老太太现在也是满脸凝重,她先前只是想压压林栖阁,没想着明面上对墨兰如何,谁知那墨兰身子骨如此不争气。
这墨兰再怎么说也是盛纮的亲骨肉,估计那盛纮也要怨上她了。
“以后让人盯紧林栖阁那边吧。”
那林噙霜可不是什么心慈手软的主儿,也就是没人教导,手段和见识都欠缺了些,要不然,她还真不一定能压的住她。
老太太只想着防备林噙霜了,殊不知她忽略的杳杳,才是林栖阁最大的靠山。
老太太现在没见过杳杳,要是让她看到杳杳的容貌,她估计也不会就这么对上林栖阁。
毕竟作为曾经的勇毅侯独女,老太太还是有些见识的。
杳杳的样貌一看就知道未来必定不凡。
葳蕤轩里,
坐在床边的大娘子,还有在床上躺着的如兰,听到墨兰的消息,都有些不知如何开口。
良久后,大娘子才点点如兰的额头,说道:
这往后但凡你与墨兰有什么矛盾,你父亲第一个责怪的肯定是你。”
如兰在床上哼哼唧唧,还有些不服气的想反驳,不过,一想到墨兰以后就成病秧子了,就怯怯的住了嘴。
大娘子只是平时莽撞了些,这里面的事儿也不至于看不明白,更何况还有刘嬷嬷在一旁提点。

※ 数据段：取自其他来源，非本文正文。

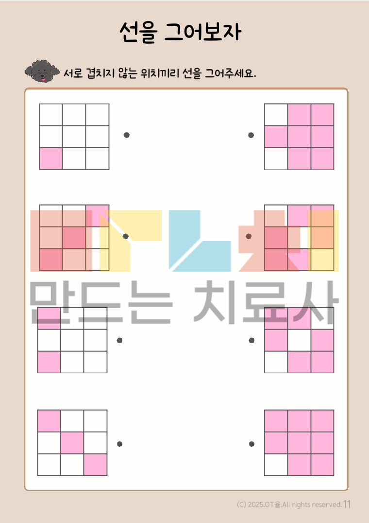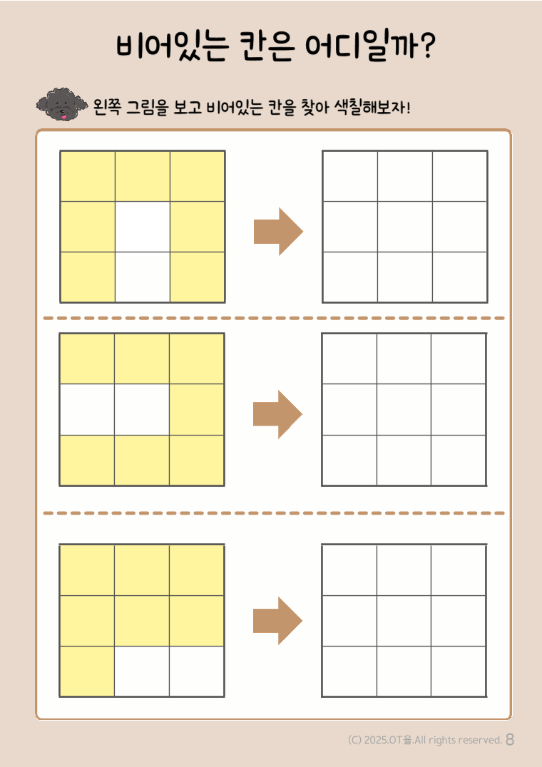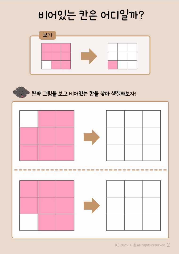 *구성 : 총 15p, PDF 파일 *설명 : - 그림을 보고 빈칸을 찾아 색칠하기 (1칸 ,2칸,3칸) - 서로 겹치지 않는 위치끼리 찾아 선 긋기 - 두 개의 그림을 합쳐 완성된 그림 찾아 선 긋기
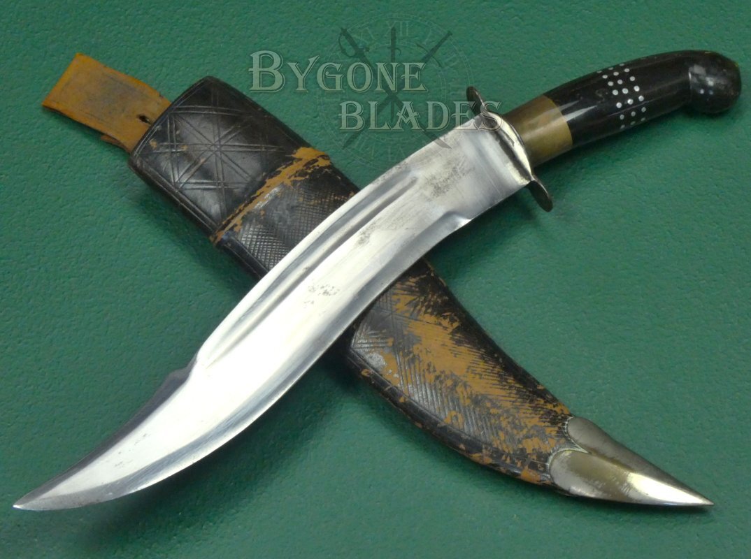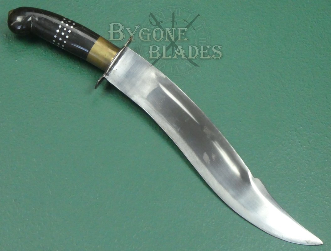 This vintage Indian made yataghan knife is of surprisingly good quality for something that was probably made for the 1960-70’s tourist market. The style is somewhere between a traditional kukri and a clip-point Bowie knife. Custom knives of this style sell for many hundreds of pounds.
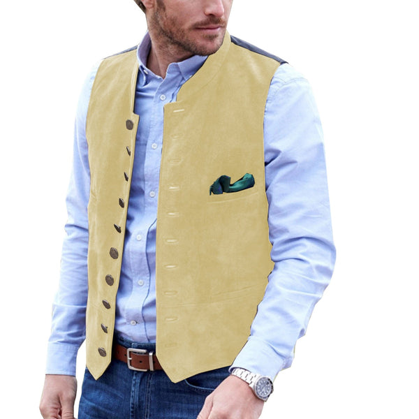 • Tiavllya Casual Men's Classic Suede Stand Collar Waistcoat Denim Vest
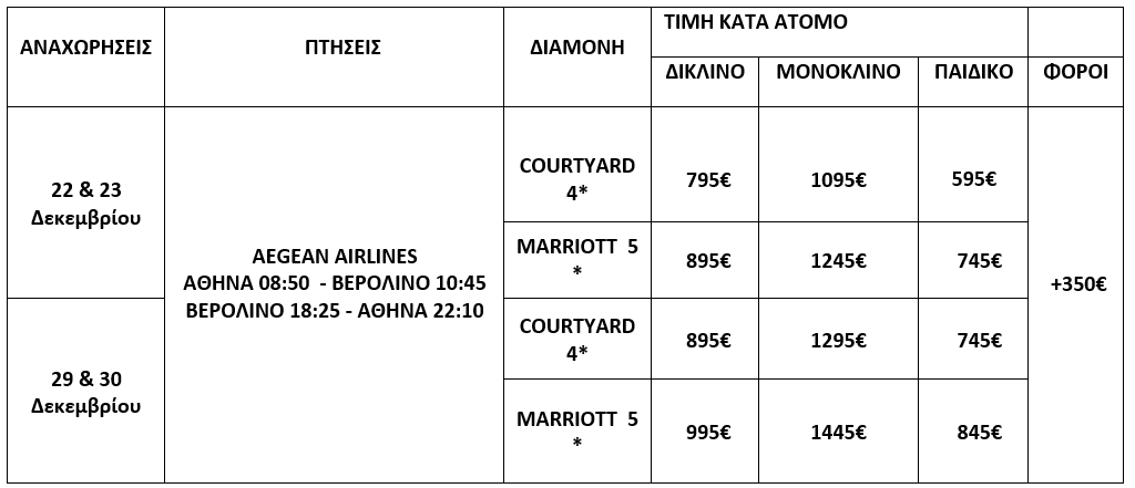 ΒΕΡΟΛΙΝΟ - 6 ΗΜΕΡΕΣ - ΧΡΙΣΤΟΥΓΕΝΝΑ - ΠΡΩΤΟΧΡΟΝΙΑ - ΘΕΟΦΑΝΕΙΑ
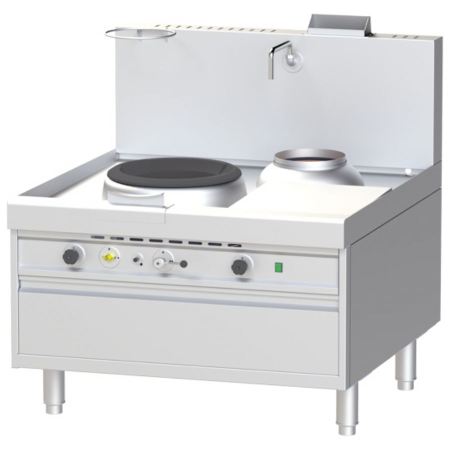 Poste de cuisson wok gaz haute performance avec 1 brûleur + 1 brûleur soupe puissance 40 kW
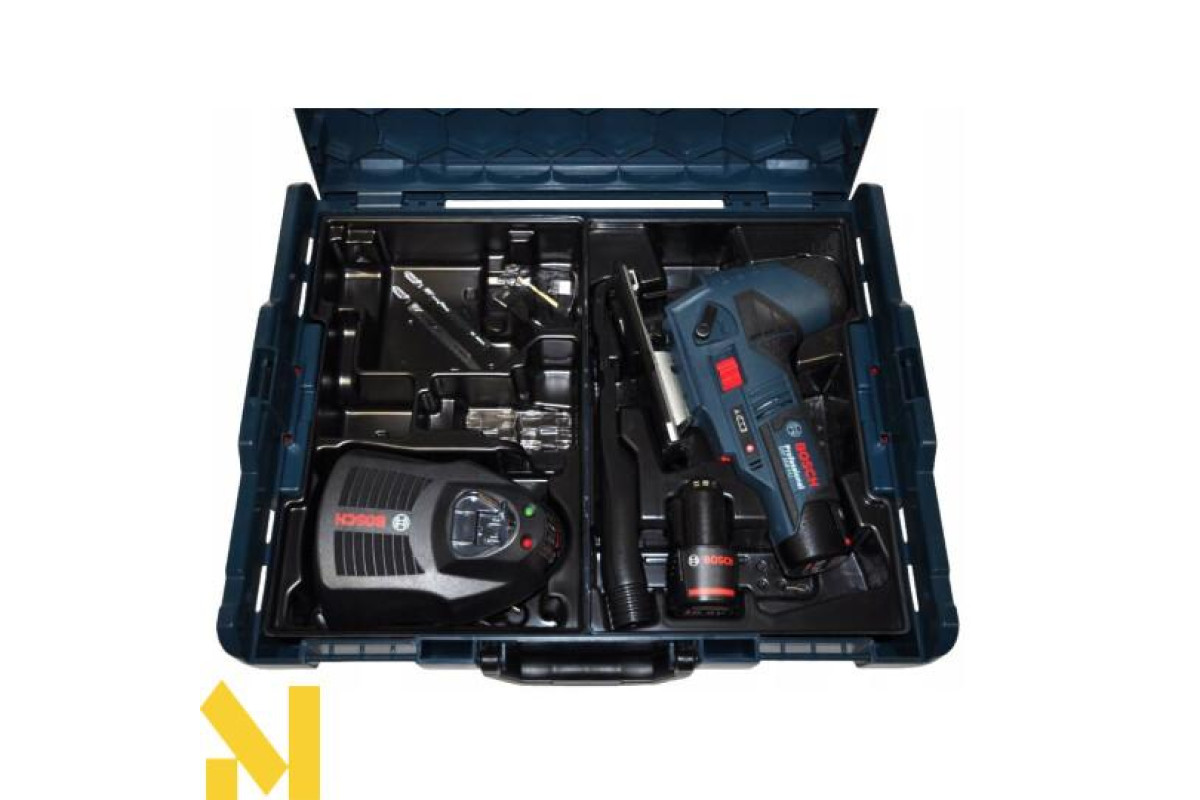 Лобзик Bosch GST 12V-70 Professional на літій-іонної акумуляторної батареї 12 В ємністю 2,0 А*год. Довжина ходу 18 мм. Глибина різу в деревині до 70 мм, в алюмінії, сталі - до 3 мм. Регульована частота ходів від 1500 до 2800 хід / хв. Три ступені маятникового коливання. Кут різу зліва і справа - 45 градусів.
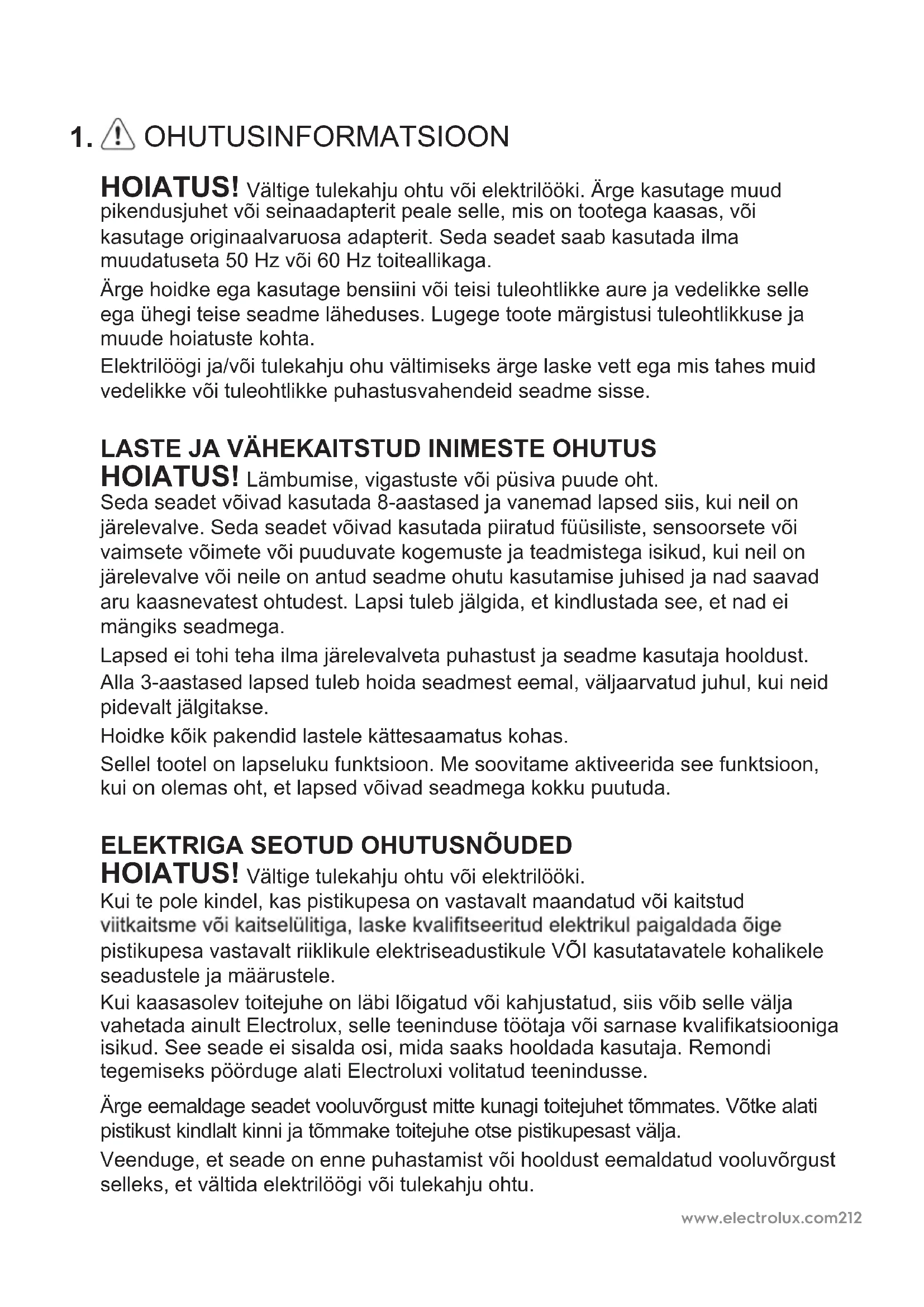 HOIATUS! Vältige tulekahju ohtu või elektrilööki. Kui te pole kindel, kas pistikupesa on vastavalt maandatud või kaitstud pistikupesa vastavalt riiklikule elektriseadustikule VÕI kasutatavatele kohalikele seadustele ja määrustele. Veenduge, et seade on enne puhastamist või hooldust eemaldatud vooluvõrgust selleks, et vältida elektrilöögi või tulekahju ohtu. Kui kaasasolev toitejuhe on läbi lõigatud või kahjustatud, siis võib selle välja vahetada ainult Electrolux, selle teeninduse töötaja või sarnase kvalifikatsiooniga isikud. See seade ei sisalda osi, mida saaks hooldada kasutaja. Remondi tegemiseks pöörduge alati Electroluxi volitatud teenindusse. Ärge eemaldage seadet vooluvõrgust mitte kunagi toitejuhet tõmmates. Võtke alati pistikust kindlalt kinni ja tõmmake toitejuhe otse pistikupesast välja.www.electrolux.com 213 OHUTUSABINÕUD ETTEVAATUST! Vältige raskeid vigastusi või surma. Ärge pange sõrmi ega esemeid seadme õhu väljavoolu võresse. Rikke korral (sädemed, põlemislõhn jne) peatage viivitamatult seadme töö, ühendage toitejuhe lahti ja võtke ühendust Electroluxi volitatud teenindusega. Ärge kasutage seadet märgade kätega. ETTEVAATUST! Vältige seadme või vara vigastusi või kahjustusi. Ärge suunake õhuvoolu kaminatele või teistele soojusallikatele, kuna see võib põhjustada ägenemist. Ärge ronige seadme peale ega pange sellele esemeid. Ärge riputage seadme külge esemeid. Ärge pange seadme peale vedelikuga täidetud anumaid. Lülitage seade toiteallikast VÄLJA, kui seda ei kasutata pikema aja jooksul. Ärge blokeerige või katke õhu sissevoolu võret või õhu väljavoolu võret. Veenduge, et kõik elektriseadmed/elektroonilised seadmed oleksid seadmest 30 cm kaugusel. Seadet tohib kasutada ainult koos tootja ja teeninduse töötaja poolt pakutud tarvikutega.

只要墨兰一日不好,以后这葳蕤轩怕是与林栖阁结死仇了。
谁也没想到,这场闹剧结局会是如此。
林栖阁内,
早上盛纮离开以后,杳杳就到了林噙霜的屋子里。
墨兰昨晚也是躺在这里没挪动的。
杳杳进去的时候,林噙霜正在与墨兰说话。
看到杳杳过来就拉着她说道:
“这场事下来,最后得利的还是我们林栖阁。
看着这几张庄子还有店铺的地契,全都是盛纮昨天补偿我们墨儿的。
就是以后墨儿要一直装病下去了。”
杳杳看了一眼那些地契,就转开眼去,她对这些一点儿兴趣都没有。
“装病还不容易,墨儿平常跟你学的那些足够了,以后你再教教,保准别人看不出来。”
杳杳说着转头看向墨兰。
“墨儿,以后你就照着历史上,那个捂着胸口走路的美人的样子学就是了。
时不时再咳嗽两声,让你小娘给你调一些红色的花汁随身带着。
要是府里有人敢招惹你,你就打了她之后,再吐血装晕便是。
之后,你身子的调养还有药材所需的银两,全都要让她们来赔,不讹到她们怕就不罢休。
知道了吗?记住了吗?墨儿。”
杳杳说完,还没等墨兰回话,旁边的林噙霜就轻轻拍了杳杳一下,嗔怪道:
“那是西子捧心,让你平时多读些书,就是不听,现在连个词儿都说不明白。
以后就连墨儿都能笑话你。”
杳杳说着还看了床上的墨兰一眼。
本来正捂着嘴笑的墨兰,立马止住了笑意,不敢再笑,再笑她害怕这个姨母回头收拾她。
不过,林噙霜想到刚刚妹妹说的那些,在这府里说不定还真有用。
皇宫,
朝堂上,
站在官员队伍靠后侧的盛纮,可没有林栖阁她们几个的惬意。
那盛纮额头上不停的冒汗,却一点儿也不敢去擦,生怕这一动作就惹恼了上首坐着的官家。
他身边的其他官员也是如此,大气都不敢喘。
坐在上首的赵祯,准确的来说是——汉武帝刘彻,看着堂下正在哔哔懒懒的文官很不顺眼。
两个月前,刘彻一睁眼就发现自己成了这什么狗屁的宋仁宗赵祯,都不知该如何形容当时的心境。
家人们,谁懂啊?!
眼睛一闭一睁,他的大汉没了!!!
刘彻心里骂的很脏
不过,后来冷静下来以后,觉得这样也不错,起码能多活个几十年(这里私设年龄三十多岁,太老写不下去),而且依然是皇帝。
至于大汉,他自己都没了,那还与他有什么关系。
就是这什么赵祯做皇帝做的也太憋屈了吧。
他就没见过如此窝囊的皇帝,那言官的唾沫星子都喷到他脸上了,还能若无其事的抬袖擦干。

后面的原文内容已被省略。